154 Orang Tewas dalam Banjir Bandang Dahsyat dan Tanah Longsor di Kolombia

VOA-ISLAMNEWS.COM, KOLOMBIA – Hujan lebat menyebabkan sungai di selatan Kolombia meluap, hingga memicu banjir bandang dahsyat yang menerjang rumah-rumah, sedikitnya 154 orang tewas.

Presiden Kolombia Juan Manuel Santos mengatakan pada hari Sabtu (01/02) bahwa setidaknya 154 orang telah tewas karena terseret arus sungai dan tanah longsor di Mocoa, sebuah kota yang dihuni 350.000 orang yang terletak di dekat perbatasan Kolombia dan Ekuador.

Presiden Kolombia telah berada di Mocoa untuk mengawasi secara langsung jalannya operasi penyelamatan.

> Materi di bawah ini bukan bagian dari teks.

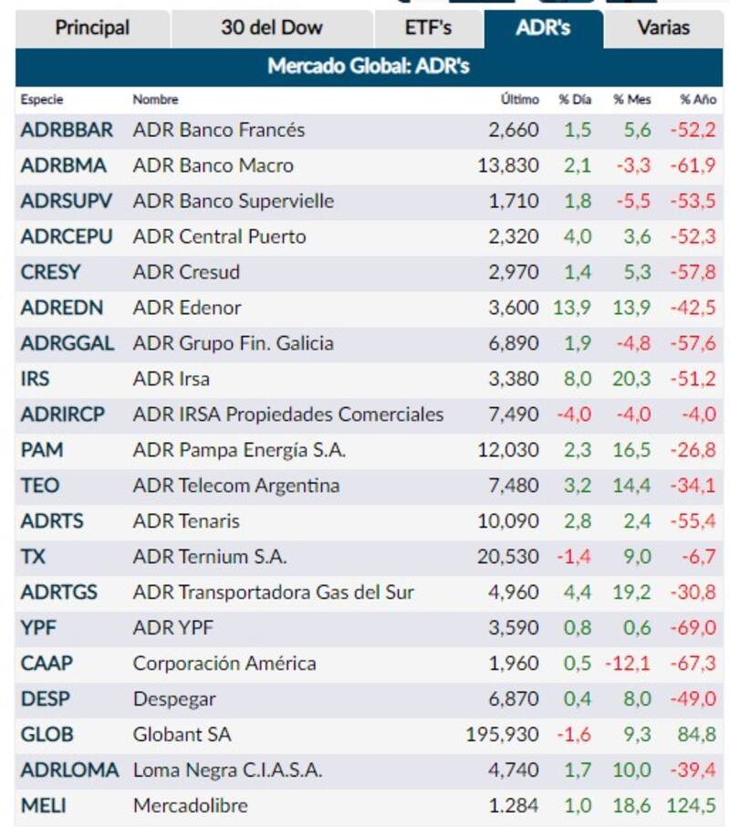 Fuertes avances de los ADR locales en el inicio de la semana. Fuente: Rava

Sebelumnya, Dia mengatakan di akun Twitter-nya bahwa perjalanan ke ibukota Mocoa dari Putumayo akan “memperhatikan korban tragedi ini, yang menyebabkan semua rakyat Kolombia berduka”.

Sebelumnya pada hari itu, komandan polisi Kolonel Omar Bonilla mengatakan kepada stasiun radio lokal Caracol bahwa tanah longsor telah menewaskan sedikitnya 93 orang, dan menambahkan bahwa ratusan lainnya mengalami luka-luka dalam tragedi itu.

Sungai dilaporkan meluap semalam, kata badan bencana nasional Kolombia, Carlos Ivan Marquez, dan menambahkan bahwa angka kematian bisa terus naik karena banyak yang masih hilang di berbagai daerah yang terkena dampak banjir.

“Ratusan keluarga” belum ditemukan, kata gubernur Sorrel Aroca dari departemen Putumayo, dan menyebut bahwa ‘tragedi seperti ini belum pernah terjadi sebelumnya’.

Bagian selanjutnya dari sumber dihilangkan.